There are also conflicting reports about which terrorist group was responsible for the carnage. The Afghan Taliban denied involvement, but the terrorist group rarely takes credit for attacks that result in the killing of large numbers of civilians. According to the Afghan intelligence agency, the Haqqani branch of the Taliban planned and executed the bombing.
But even if the attackers deliberately wanted to inflict damage to the Iranian diplomatic mission in Kabul, Tehran is unlikely to stop supporting the Taliban in Afghanistan. Almost two decades ago, Taliban militants killed nine Iranian diplomats and massacred Afghan Shiites in northern Afghanistan. While the incident prompted the Iranian government to threaten war against the Taliban and increase support for anti-Taliban resistance forces, the Islamic Revolution Guards Corps (I.R.G.C.) began to cultivate ties with and to provide support to the Taliban after the 2001 U.S. intervention in Afghanistan. This is because Tehran sees the presence of the U.S. military along its eastern border a bigger national security threat than the Taliban.

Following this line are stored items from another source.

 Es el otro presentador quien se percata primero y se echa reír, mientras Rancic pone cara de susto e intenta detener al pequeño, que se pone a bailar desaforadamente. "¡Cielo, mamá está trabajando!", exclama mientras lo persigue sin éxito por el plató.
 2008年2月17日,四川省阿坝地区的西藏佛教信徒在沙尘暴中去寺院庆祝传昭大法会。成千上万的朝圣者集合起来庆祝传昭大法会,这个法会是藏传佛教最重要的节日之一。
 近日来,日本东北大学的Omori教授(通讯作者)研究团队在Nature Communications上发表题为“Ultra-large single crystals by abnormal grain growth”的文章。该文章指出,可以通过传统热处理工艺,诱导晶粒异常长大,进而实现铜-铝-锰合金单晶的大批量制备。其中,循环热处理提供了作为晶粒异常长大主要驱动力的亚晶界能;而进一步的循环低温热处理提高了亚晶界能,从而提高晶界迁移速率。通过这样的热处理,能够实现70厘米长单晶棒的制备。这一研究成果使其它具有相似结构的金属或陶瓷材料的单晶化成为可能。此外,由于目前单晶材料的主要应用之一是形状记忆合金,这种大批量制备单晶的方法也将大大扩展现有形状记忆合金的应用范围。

While most Taliban leaders sought refuge in Pakistan in late 2001 and early 2002, Iran also provided sanctuary to many leaders of the group; and in the years ahead, the Islamic Republic – albeit to a much lesser extent compared with Pakistan – helped the Taliban regroup and mount a fully-fledged insurgency against the United States and its allies in Afghanistan. Both Tehran and the Taliban denied cooperation during the first decade after the US intervention, but the unholy alliance is no longer a secret and the two sides now unapologetically admit and publicize it.
Last December, for example, Iran’s ambassador to Kabul, Mohammad Reza Behrami, sent shockwaves across Afghanistan by announcing that his government maintained contacts with the Taliban for “control and intelligence” purposes. Tehran “formalized” its partnership with the Taliban in early 2014, when it opened an office for the terrorist group in Mashhad, the capital of Khorasan-e Razavi Province near Afghanistan’s Herat Province.
Nor are the Taliban reticent about their relations with Shiite Iran anymore; on the contrary, the terrorist group boasts that its ties with Iran, Russia and China signify its “legitimacy and recognition” by regional and world powers. Last October, a Taliban official told Pakistan’s Express Tribune that Maulvi Nek Muhammad, a veteran Taliban leader, was now the group’s special envoy to Iran. Last year, a Taliban delegation, led by the group’s military commission chief Ibrahim Sadr, also visited Tehran to “seek military aid.” When the U.S. drone killed Taliban commander Mullah Mansour, he was returning to Pakistan from a trip to Iran.
Recently, Afghan officials say the Iranian government has deepened its ties with the Taliban leadership and increasingly funds, shelters and arms terrorists fighting in Afghanistan, particularly in the three western provinces bordering Iran. They allege that the I.R.G.C. and its secretive Quds Force operatives recruit militants from across Afghanistan and run terrorist training camps for them inside the Iranian territory – further fueling the insurgency and complicating stabilization efforts in the war-ravaged country.